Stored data
--- START ---
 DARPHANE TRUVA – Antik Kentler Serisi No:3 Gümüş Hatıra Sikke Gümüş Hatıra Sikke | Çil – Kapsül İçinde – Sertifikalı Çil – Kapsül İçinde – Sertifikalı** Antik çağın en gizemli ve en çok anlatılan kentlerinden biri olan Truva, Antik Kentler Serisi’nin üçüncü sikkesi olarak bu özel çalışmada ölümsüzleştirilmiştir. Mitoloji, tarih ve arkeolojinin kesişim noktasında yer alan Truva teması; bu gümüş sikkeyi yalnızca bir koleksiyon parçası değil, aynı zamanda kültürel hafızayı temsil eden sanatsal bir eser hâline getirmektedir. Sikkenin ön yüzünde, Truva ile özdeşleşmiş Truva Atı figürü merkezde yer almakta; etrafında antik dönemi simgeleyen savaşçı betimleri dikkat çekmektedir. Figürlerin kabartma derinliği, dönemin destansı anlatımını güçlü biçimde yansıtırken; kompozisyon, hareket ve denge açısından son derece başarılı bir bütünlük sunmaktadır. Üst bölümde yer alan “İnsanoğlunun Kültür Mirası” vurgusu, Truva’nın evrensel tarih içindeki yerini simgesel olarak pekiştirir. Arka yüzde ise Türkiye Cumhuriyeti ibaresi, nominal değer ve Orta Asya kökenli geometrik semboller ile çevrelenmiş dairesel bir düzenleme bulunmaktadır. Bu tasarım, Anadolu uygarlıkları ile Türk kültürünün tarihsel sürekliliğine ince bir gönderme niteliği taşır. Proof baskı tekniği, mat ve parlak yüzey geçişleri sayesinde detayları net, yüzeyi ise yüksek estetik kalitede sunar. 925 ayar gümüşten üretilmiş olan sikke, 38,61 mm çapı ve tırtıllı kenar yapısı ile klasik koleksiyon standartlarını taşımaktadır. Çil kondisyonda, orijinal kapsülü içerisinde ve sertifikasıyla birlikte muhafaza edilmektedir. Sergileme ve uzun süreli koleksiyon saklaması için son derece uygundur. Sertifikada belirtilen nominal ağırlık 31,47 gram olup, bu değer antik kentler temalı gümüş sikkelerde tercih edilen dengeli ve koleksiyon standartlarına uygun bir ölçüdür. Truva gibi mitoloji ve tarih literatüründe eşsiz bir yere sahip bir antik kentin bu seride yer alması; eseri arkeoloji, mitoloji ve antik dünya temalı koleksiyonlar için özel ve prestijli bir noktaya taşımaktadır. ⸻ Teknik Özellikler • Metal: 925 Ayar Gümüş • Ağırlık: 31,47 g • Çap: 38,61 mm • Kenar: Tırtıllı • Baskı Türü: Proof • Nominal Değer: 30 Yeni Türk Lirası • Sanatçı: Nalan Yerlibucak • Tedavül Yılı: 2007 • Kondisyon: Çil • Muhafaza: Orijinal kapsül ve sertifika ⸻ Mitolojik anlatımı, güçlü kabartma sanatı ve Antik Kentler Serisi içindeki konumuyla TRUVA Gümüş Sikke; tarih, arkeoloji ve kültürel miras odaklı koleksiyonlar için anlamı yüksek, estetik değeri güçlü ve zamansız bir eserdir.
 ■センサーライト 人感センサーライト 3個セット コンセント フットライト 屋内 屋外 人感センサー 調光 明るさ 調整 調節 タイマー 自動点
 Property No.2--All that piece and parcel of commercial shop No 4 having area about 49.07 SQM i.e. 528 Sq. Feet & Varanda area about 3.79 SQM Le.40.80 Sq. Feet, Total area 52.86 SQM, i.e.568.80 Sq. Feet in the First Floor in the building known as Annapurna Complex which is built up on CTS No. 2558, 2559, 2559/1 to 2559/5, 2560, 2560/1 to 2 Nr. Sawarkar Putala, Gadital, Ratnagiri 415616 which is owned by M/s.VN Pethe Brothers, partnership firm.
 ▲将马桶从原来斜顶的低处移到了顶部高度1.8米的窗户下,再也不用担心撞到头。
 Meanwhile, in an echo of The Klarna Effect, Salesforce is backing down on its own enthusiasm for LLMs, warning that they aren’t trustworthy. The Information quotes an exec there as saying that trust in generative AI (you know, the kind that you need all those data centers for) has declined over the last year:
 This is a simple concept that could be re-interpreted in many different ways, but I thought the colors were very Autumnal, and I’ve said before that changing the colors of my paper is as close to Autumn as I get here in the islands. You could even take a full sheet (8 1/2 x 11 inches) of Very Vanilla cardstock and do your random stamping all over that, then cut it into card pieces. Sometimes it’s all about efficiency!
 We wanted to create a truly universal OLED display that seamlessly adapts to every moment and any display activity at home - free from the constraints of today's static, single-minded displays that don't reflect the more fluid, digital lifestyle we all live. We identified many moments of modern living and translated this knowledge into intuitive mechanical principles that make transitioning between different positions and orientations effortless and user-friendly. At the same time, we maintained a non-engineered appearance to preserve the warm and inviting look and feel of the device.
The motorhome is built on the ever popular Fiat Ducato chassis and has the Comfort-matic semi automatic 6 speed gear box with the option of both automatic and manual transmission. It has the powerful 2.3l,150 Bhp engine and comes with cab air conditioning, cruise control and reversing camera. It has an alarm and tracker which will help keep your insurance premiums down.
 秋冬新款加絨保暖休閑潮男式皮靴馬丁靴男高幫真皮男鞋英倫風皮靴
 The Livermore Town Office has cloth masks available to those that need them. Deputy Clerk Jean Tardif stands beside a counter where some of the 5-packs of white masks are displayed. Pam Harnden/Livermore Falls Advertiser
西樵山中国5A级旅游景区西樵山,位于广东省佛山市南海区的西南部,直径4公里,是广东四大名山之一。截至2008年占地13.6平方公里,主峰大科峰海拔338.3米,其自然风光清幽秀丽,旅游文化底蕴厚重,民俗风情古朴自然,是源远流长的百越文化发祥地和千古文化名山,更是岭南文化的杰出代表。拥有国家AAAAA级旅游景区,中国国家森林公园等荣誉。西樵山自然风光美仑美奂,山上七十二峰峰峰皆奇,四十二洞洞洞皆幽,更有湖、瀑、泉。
--- END ---
-- PROBLEM TO SOLVE --
With nothing left out, return each entry exactly.

-- EXERCISE RESPONSE --
 DARPHANE TRUVA – Antik Kentler Serisi No:3 Gümüş Hatıra Sikke Gümüş Hatıra Sikke | Çil – Kapsül İçinde – Sertifikalı Çil – Kapsül İçinde – Sertifikalı** Antik çağın en gizemli ve en çok anlatılan kentlerinden biri olan Truva, Antik Kentler Serisi’nin üçüncü sikkesi olarak bu özel çalışmada ölümsüzleştirilmiştir. Mitoloji, tarih ve arkeolojinin kesişim noktasında yer alan Truva teması; bu gümüş sikkeyi yalnızca bir koleksiyon parçası değil, aynı zamanda kültürel hafızayı temsil eden sanatsal bir eser hâline getirmektedir. Sikkenin ön yüzünde, Truva ile özdeşleşmiş Truva Atı figürü merkezde yer almakta; etrafında antik dönemi simgeleyen savaşçı betimleri dikkat çekmektedir. Figürlerin kabartma derinliği, dönemin destansı anlatımını güçlü biçimde yansıtırken; kompozisyon, hareket ve denge açısından son derece başarılı bir bütünlük sunmaktadır. Üst bölümde yer alan “İnsanoğlunun Kültür Mirası” vurgusu, Truva’nın evrensel tarih içindeki yerini simgesel olarak pekiştirir. Arka yüzde ise Türkiye Cumhuriyeti ibaresi, nominal değer ve Orta Asya kökenli geometrik semboller ile çevrelenmiş dairesel bir düzenleme bulunmaktadır. Bu tasarım, Anadolu uygarlıkları ile Türk kültürünün tarihsel sürekliliğine ince bir gönderme niteliği taşır. Proof baskı tekniği, mat ve parlak yüzey geçişleri sayesinde detayları net, yüzeyi ise yüksek estetik kalitede sunar. 925 ayar gümüşten üretilmiş olan sikke, 38,61 mm çapı ve tırtıllı kenar yapısı ile klasik koleksiyon standartlarını taşımaktadır. Çil kondisyonda, orijinal kapsülü içerisinde ve sertifikasıyla birlikte muhafaza edilmektedir. Sergileme ve uzun süreli koleksiyon saklaması için son derece uygundur. Sertifikada belirtilen nominal ağırlık 31,47 gram olup, bu değer antik kentler temalı gümüş sikkelerde tercih edilen dengeli ve koleksiyon standartlarına uygun bir ölçüdür. Truva gibi mitoloji ve tarih literatüründe eşsiz bir yere sahip bir antik kentin bu seride yer alması; eseri arkeoloji, mitoloji ve antik dünya temalı koleksiyonlar için özel ve prestijli bir noktaya taşımaktadır. ⸻ Teknik Özellikler • Metal: 925 Ayar Gümüş • Ağırlık: 31,47 g • Çap: 38,61 mm • Kenar: Tırtıllı • Baskı Türü: Proof • Nominal Değer: 30 Yeni Türk Lirası • Sanatçı: Nalan Yerlibucak • Tedavül Yılı: 2007 • Kondisyon: Çil • Muhafaza: Orijinal kapsül ve sertifika ⸻ Mitolojik anlatımı, güçlü kabartma sanatı ve Antik Kentler Serisi içindeki konumuyla TRUVA Gümüş Sikke; tarih, arkeoloji ve kültürel miras odaklı koleksiyonlar için anlamı yüksek, estetik değeri güçlü ve zamansız bir eserdir.
 ■センサーライト 人感センサーライト 3個セット コンセント フットライト 屋内 屋外 人感センサー 調光 明るさ 調整 調節 タイマー 自動点
 Property No.2--All that piece and parcel of commercial shop No 4 having area about 49.07 SQM i.e. 528 Sq. Feet & Varanda area about 3.79 SQM Le.40.80 Sq. Feet, Total area 52.86 SQM, i.e.568.80 Sq. Feet in the First Floor in the building known as Annapurna Complex which is built up on CTS No. 2558, 2559, 2559/1 to 2559/5, 2560, 2560/1 to 2 Nr. Sawarkar Putala, Gadital, Ratnagiri 415616 which is owned by M/s.VN Pethe Brothers, partnership firm.
 ▲将马桶从原来斜顶的低处移到了顶部高度1.8米的窗户下,再也不用担心撞到头。
 Meanwhile, in an echo of The Klarna Effect, Salesforce is backing down on its own enthusiasm for LLMs, warning that they aren’t trustworthy. The Information quotes an exec there as saying that trust in generative AI (you know, the kind that you need all those data centers for) has declined over the last year:
 This is a simple concept that could be re-interpreted in many different ways, but I thought the colors were very Autumnal, and I’ve said before that changing the colors of my paper is as close to Autumn as I get here in the islands. You could even take a full sheet (8 1/2 x 11 inches) of Very Vanilla cardstock and do your random stamping all over that, then cut it into card pieces. Sometimes it’s all about efficiency!
 We wanted to create a truly universal OLED display that seamlessly adapts to every moment and any display activity at home - free from the constraints of today's static, single-minded displays that don't reflect the more fluid, digital lifestyle we all live. We identified many moments of modern living and translated this knowledge into intuitive mechanical principles that make transitioning between different positions and orientations effortless and user-friendly. At the same time, we maintained a non-engineered appearance to preserve the warm and inviting look and feel of the device.
The motorhome is built on the ever popular Fiat Ducato chassis and has the Comfort-matic semi automatic 6 speed gear box with the option of both automatic and manual transmission. It has the powerful 2.3l,150 Bhp engine and comes with cab air conditioning, cruise control and reversing camera. It has an alarm and tracker which will help keep your insurance premiums down.
 秋冬新款加絨保暖休閑潮男式皮靴馬丁靴男高幫真皮男鞋英倫風皮靴
 The Livermore Town Office has cloth masks available to those that need them. Deputy Clerk Jean Tardif stands beside a counter where some of the 5-packs of white masks are displayed. Pam Harnden/Livermore Falls Advertiser
西樵山中国5A级旅游景区西樵山,位于广东省佛山市南海区的西南部,直径4公里,是广东四大名山之一。截至2008年占地13.6平方公里,主峰大科峰海拔338.3米,其自然风光清幽秀丽,旅游文化底蕴厚重,民俗风情古朴自然,是源远流长的百越文化发祥地和千古文化名山,更是岭南文化的杰出代表。拥有国家AAAAA级旅游景区,中国国家森林公园等荣誉。西樵山自然风光美仑美奂,山上七十二峰峰峰皆奇,四十二洞洞洞皆幽,更有湖、瀑、泉。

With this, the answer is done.